→ PROMPT: Please output exactly the lines from the one that holds "With inspiration from" through the final line of the data, and nothing else; leave out any pictures.

→ DATA SHOWN:
=== Begin Enclosure ===
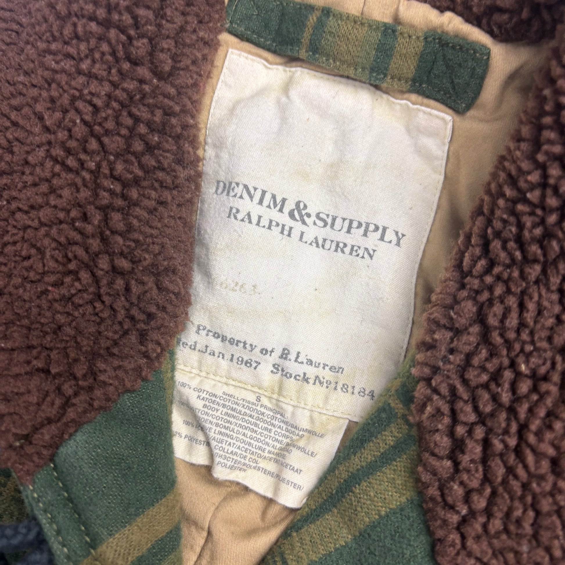 Ralph Lauren Denim Supply Green Jacquard Pattern Sherpa Collar Jacket - S
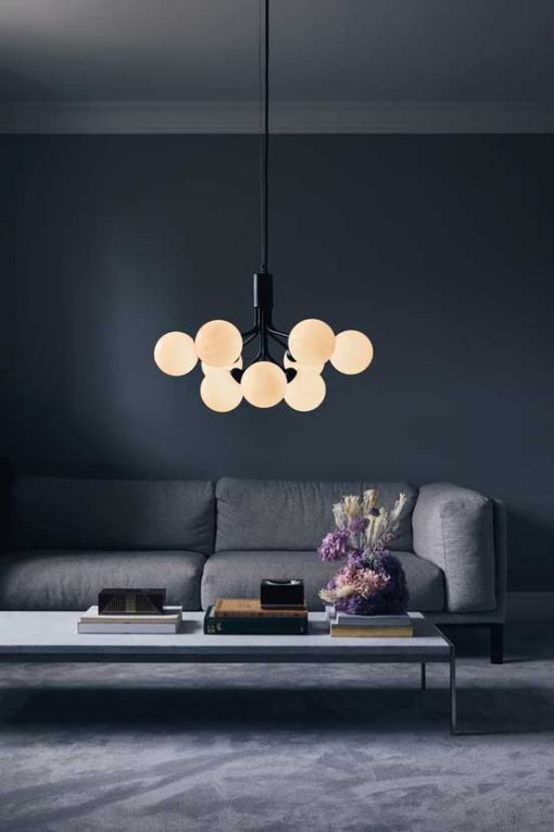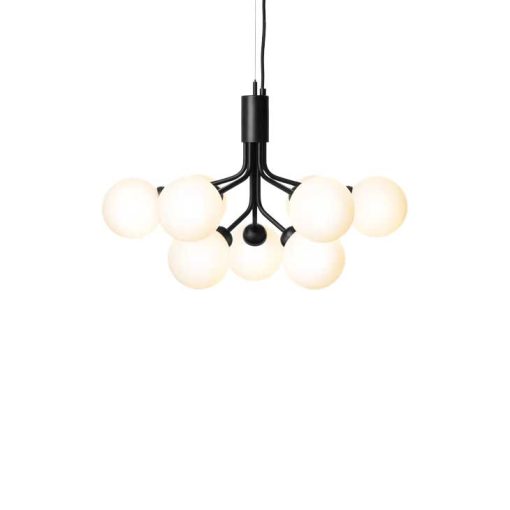 With inspiration from flowers, Sofie Refer has designed the Apiales collection. The collection consists of two chandeliers with 9 or 18 mouth-blown glass globes and are available in golden Brush Brass finish or the smooth Satin Black. From a specially-produced canopy, the arms unfold like flower stalks from which light is spread with grace. Apiales 9, with its 60 cm in diameter, fits over the dining table, in the bedroom, or in the hall.
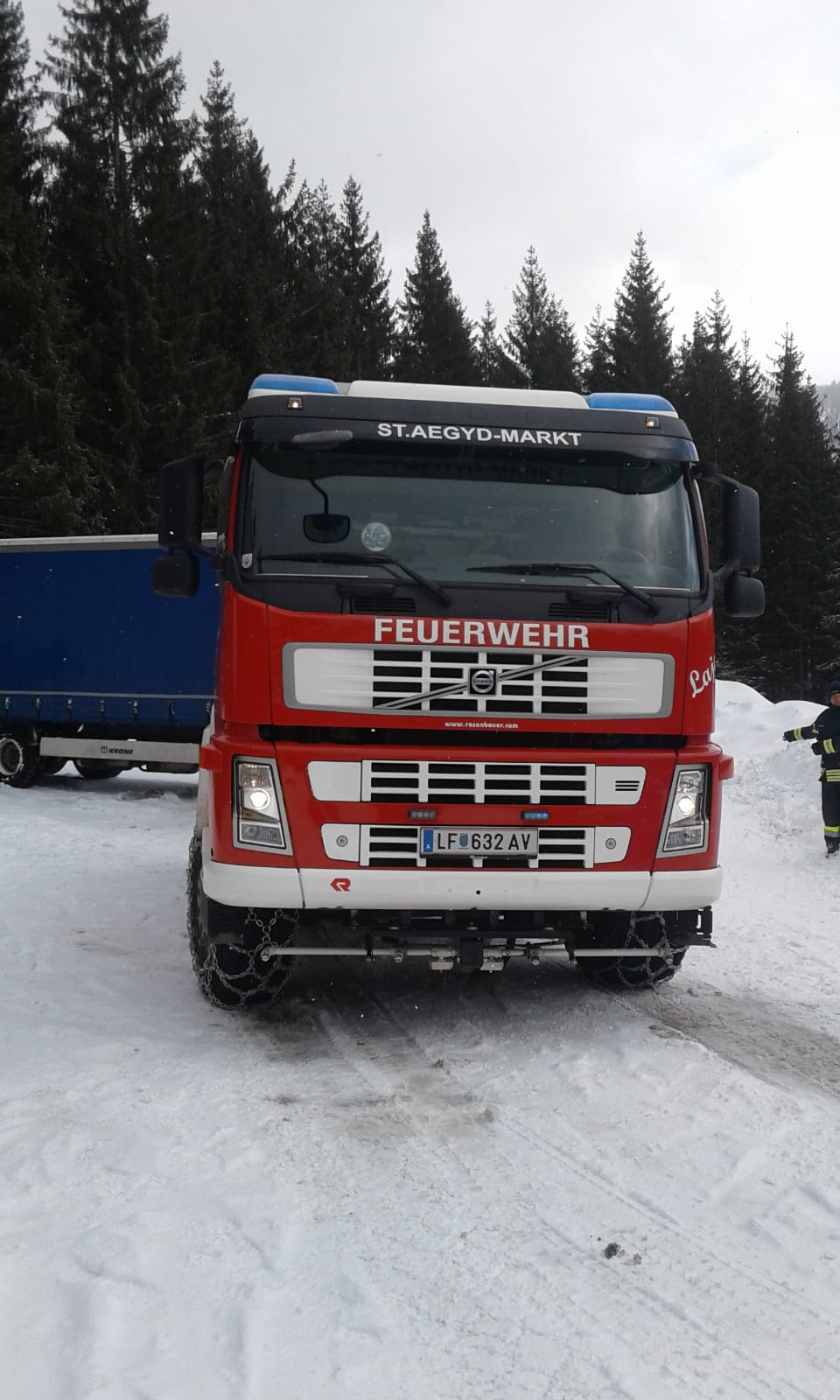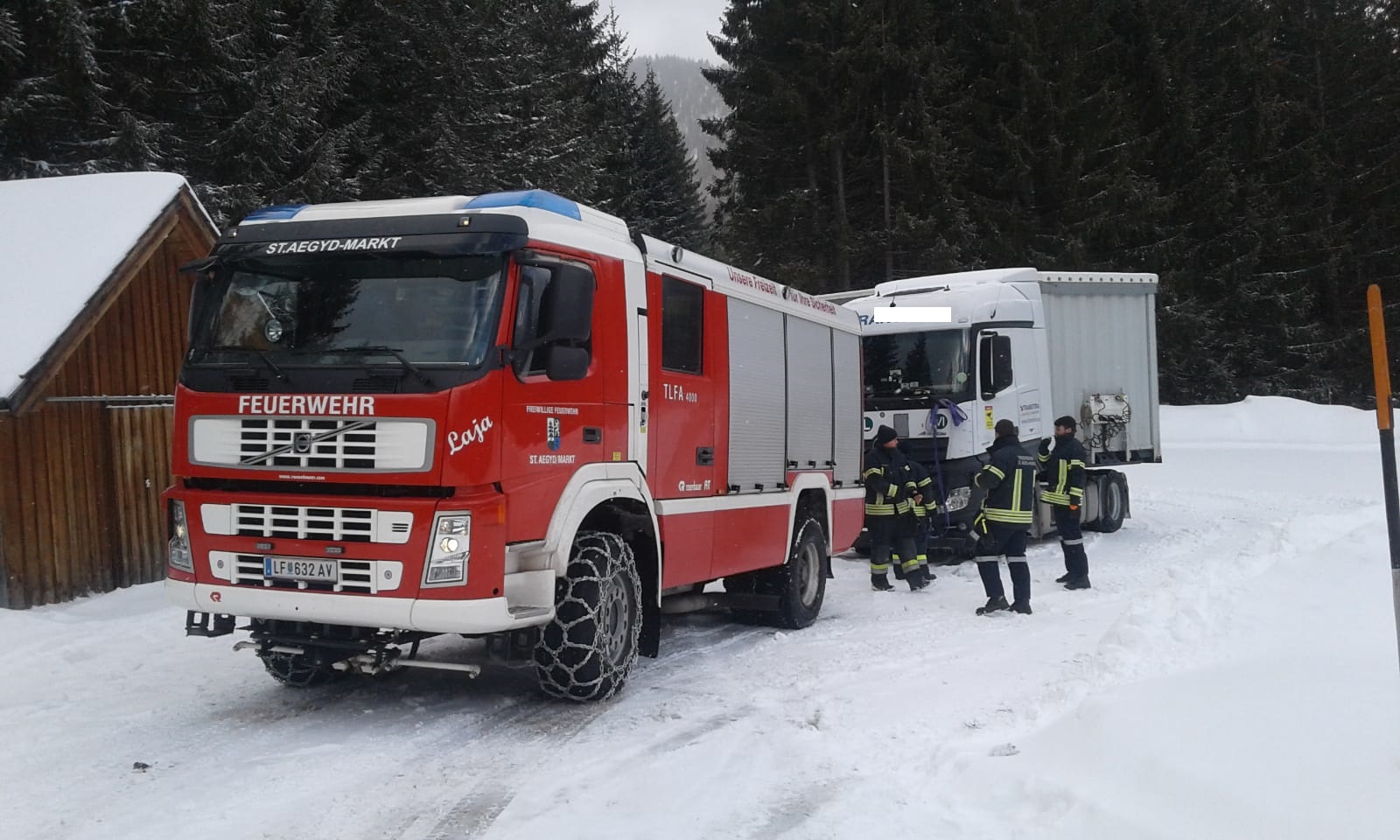 Ein ausländischer Lkw-Fahrer wollte aufgrund der winterlichen Fahrbahnverhältnisse wenden, scheiterte bei dem Manöver und blieb hängen. Der Sattelzug wurde mit der Schleppstange vom TLF auf die Straße gezogen und konnte seine Fahrt fortsetzen. Er führte keine Schneeketten mit.
=== End Enclosure ===
→ ANSWER BELOW:
 With inspiration from flowers, Sofie Refer has designed the Apiales collection. The collection consists of two chandeliers with 9 or 18 mouth-blown glass globes and are available in golden Brush Brass finish or the smooth Satin Black. From a specially-produced canopy, the arms unfold like flower stalks from which light is spread with grace. Apiales 9, with its 60 cm in diameter, fits over the dining table, in the bedroom, or in the hall.
 Ein ausländischer Lkw-Fahrer wollte aufgrund der winterlichen Fahrbahnverhältnisse wenden, scheiterte bei dem Manöver und blieb hängen. Der Sattelzug wurde mit der Schleppstange vom TLF auf die Straße gezogen und konnte seine Fahrt fortsetzen. Er führte keine Schneeketten mit.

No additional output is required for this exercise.